#### Data listing ####
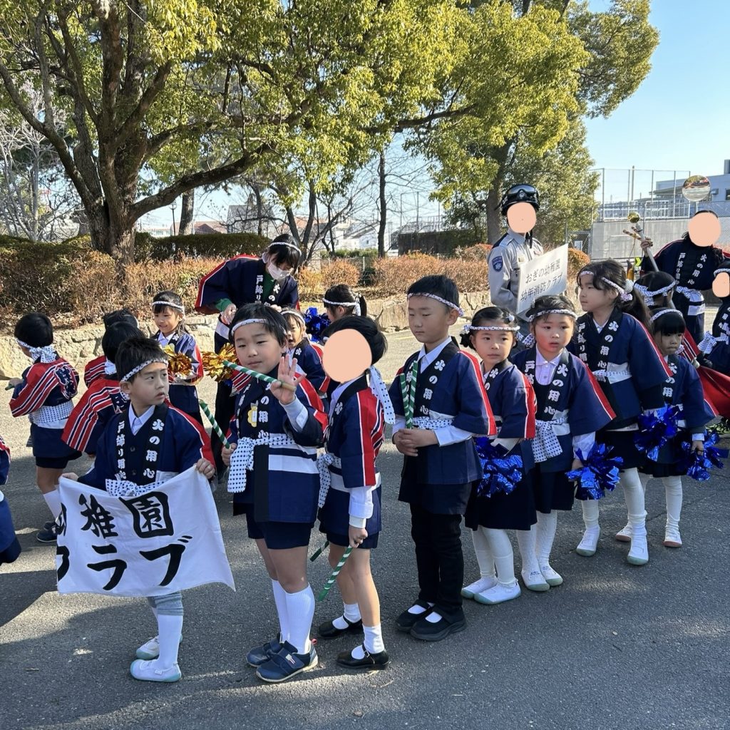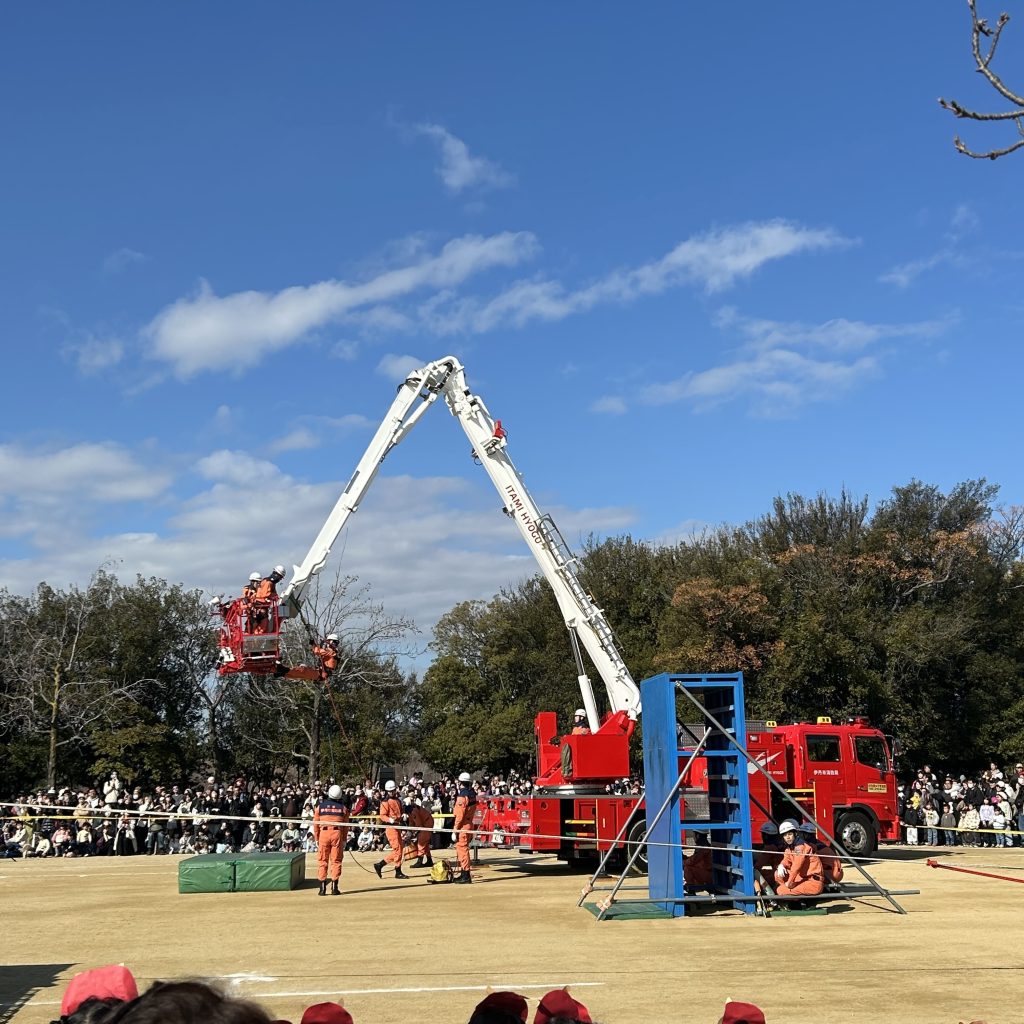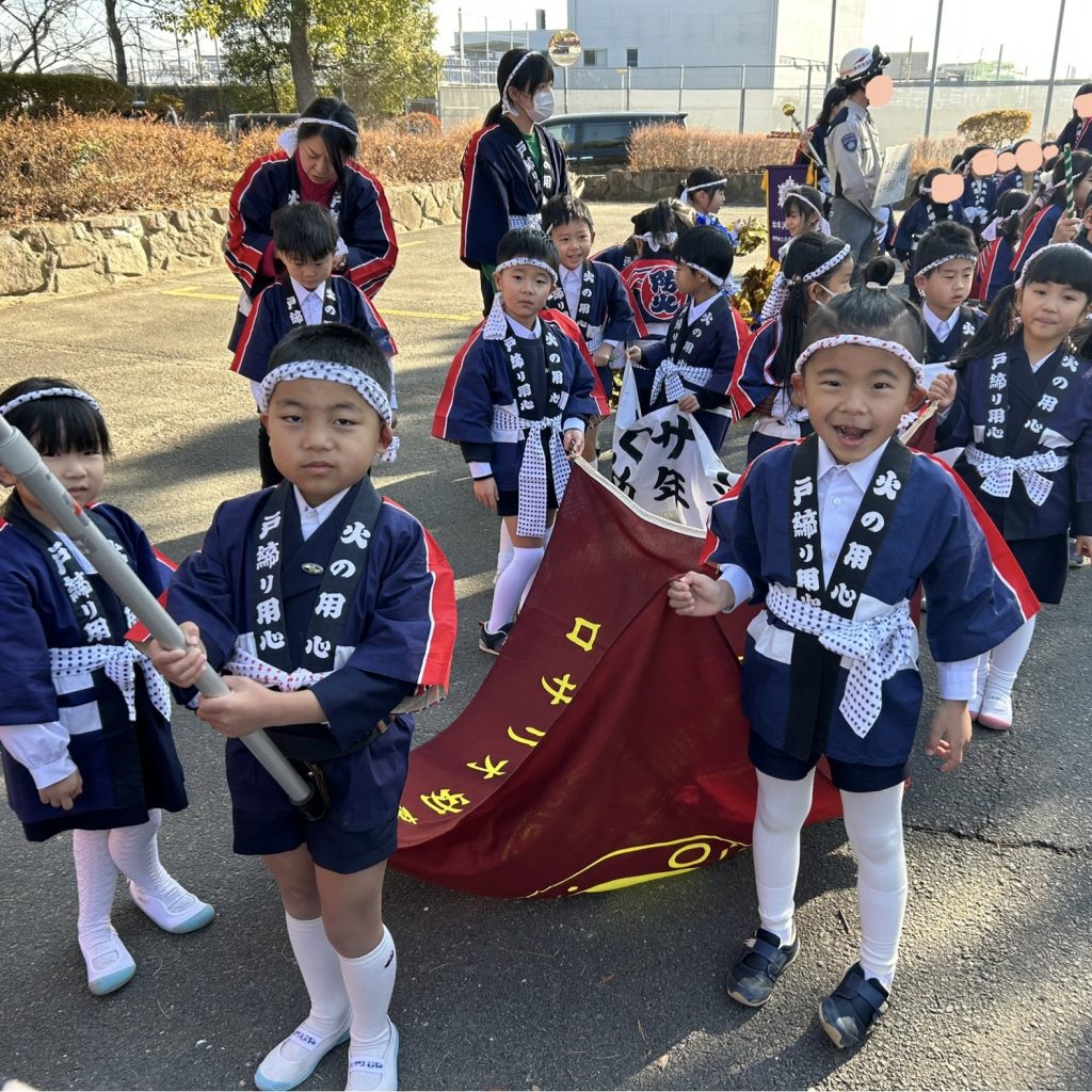 冬晴れの空の下、年長児は伊丹市消防出初式に参加しました。
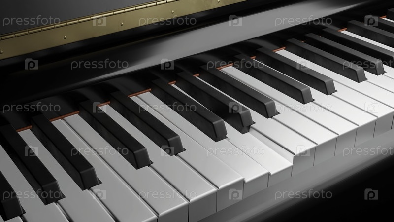 3D-анимация игры на фортепиано. Дизайн. Клавиши пианино играют сами по себе. Призрачная клавишная игра реалистичного фортепиано. Музыка и инструменты
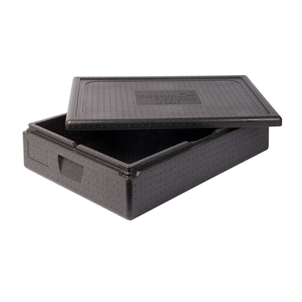 Thermo Future Box, GN 1/1 Premium, Isolierbox schwarz mit Deckel, 117 mm tief, 21 Liter, robust, nachhaltig aus EPP
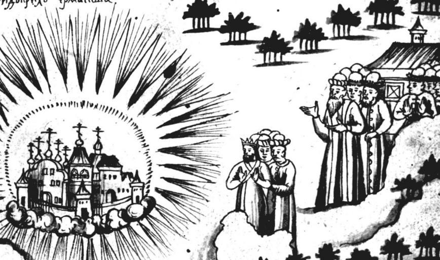 | Keywords: IstSib014 1.jpg Видение тата ам аметовым детям на месте будущего Тобольска Исто ия Сиби ская ультимедиа Цент ГУ http //www mmedia nsu ru/vbook/vbook/obj8/MINIATURES htm 1697 - 1703 С У Ремезов Author died more than 70 years ago - public domain PD-old Remezov Chronicle |
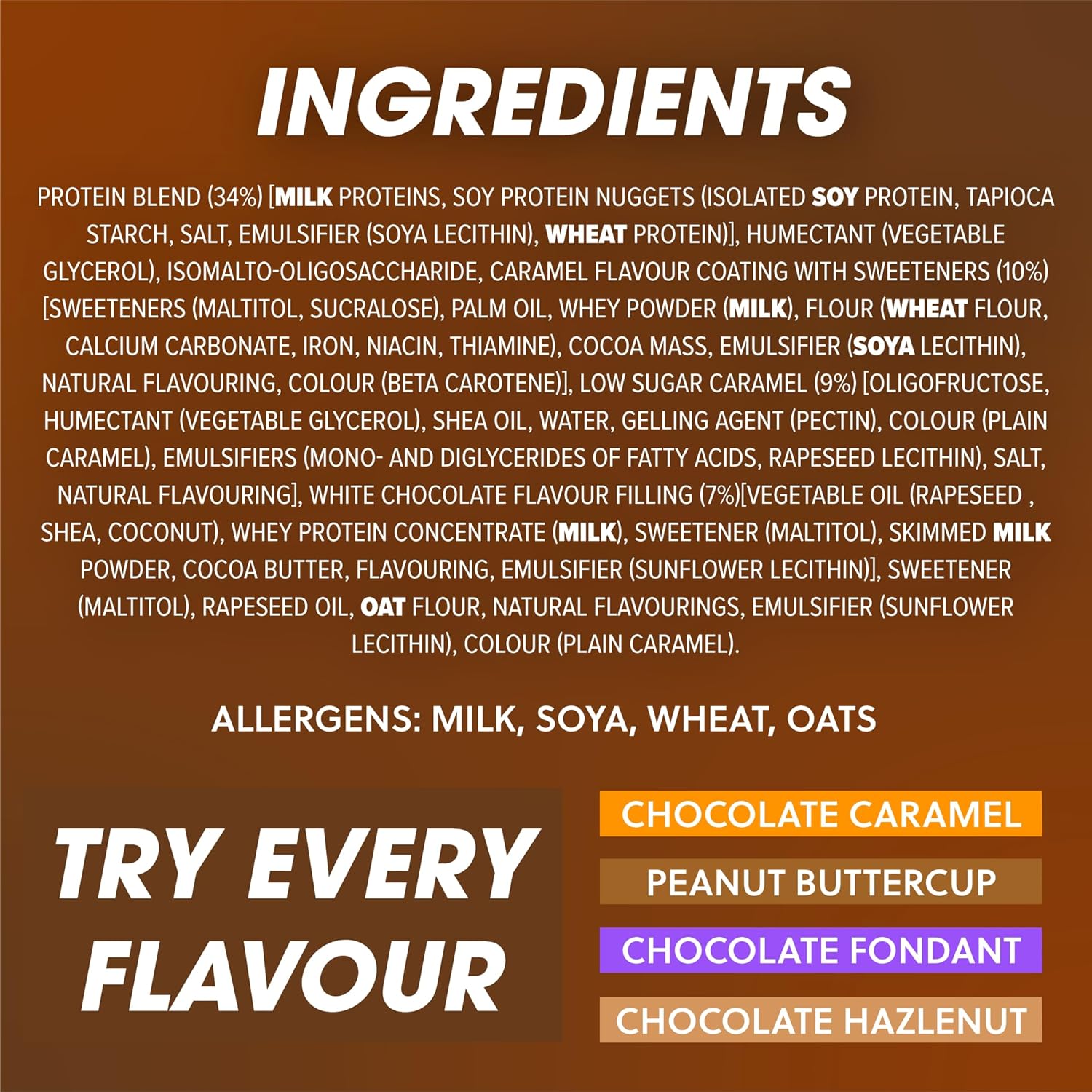 Battle Bites Dynabar High Protein Bars 12 X 60G - Chocolate Caramel Flavour - Low In Sugar, Free From Preservatives, Non-Gmo, Suitable For Vegetarians - 18G Protein + 243 Calories Per Bar - Made In Uk
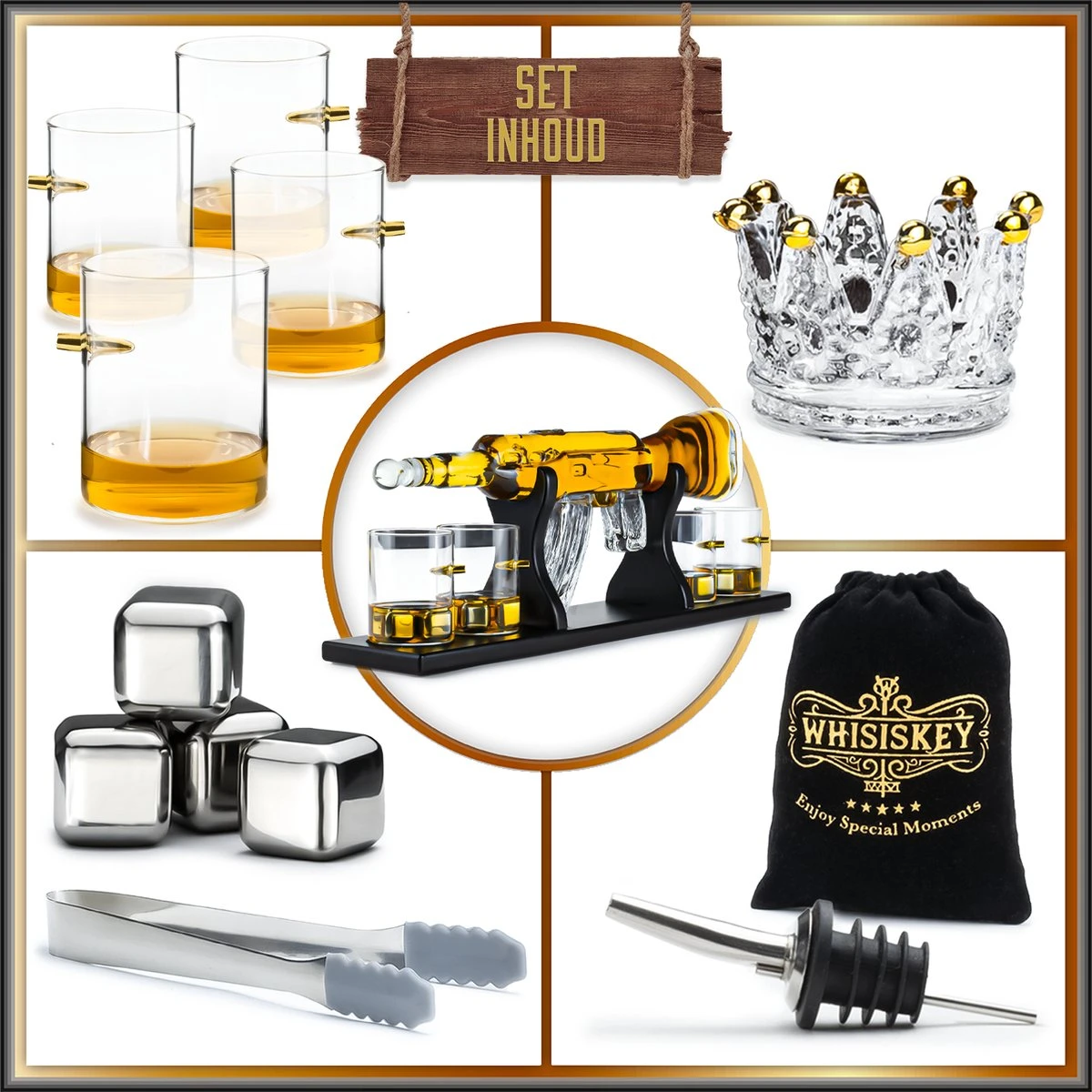 LET OP: De set wordt geleverd exclusief whiskey.
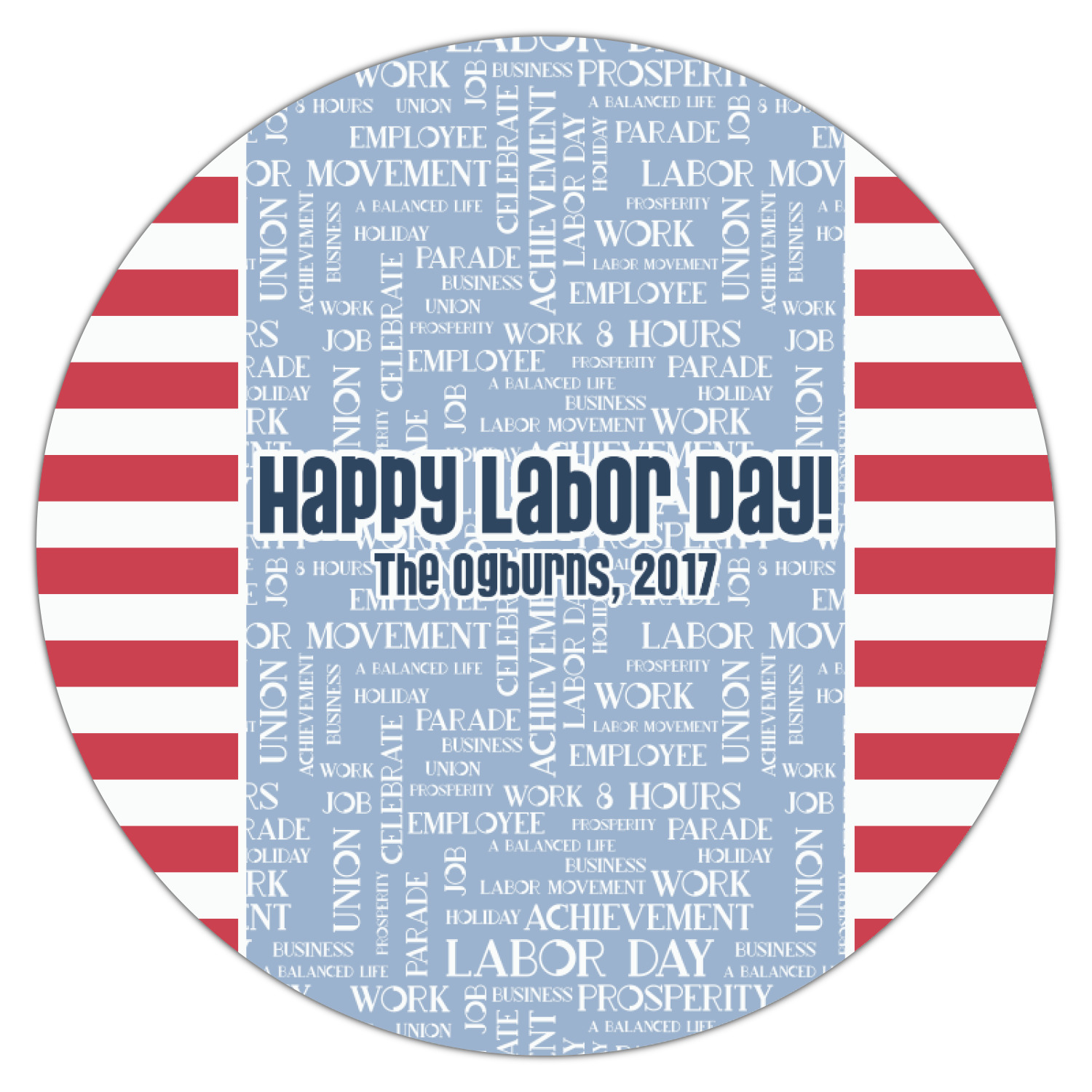 A fun red, white, and blue Labor Day badge is used in the coordinating part of the design. There are two different kinds of fonts used. One in the word cloud and one used in the personalization.
####
The answer should contain nothing but the lines from the top of the data above through the line containing "3D-анимация игры на", copied exactly, with no images.

 冬晴れの空の下、年長児は伊丹市消防出初式に参加しました。
 3D-анимация игры на фортепиано. Дизайн. Клавиши пианино играют сами по себе. Призрачная клавишная игра реалистичного фортепиано. Музыка и инструменты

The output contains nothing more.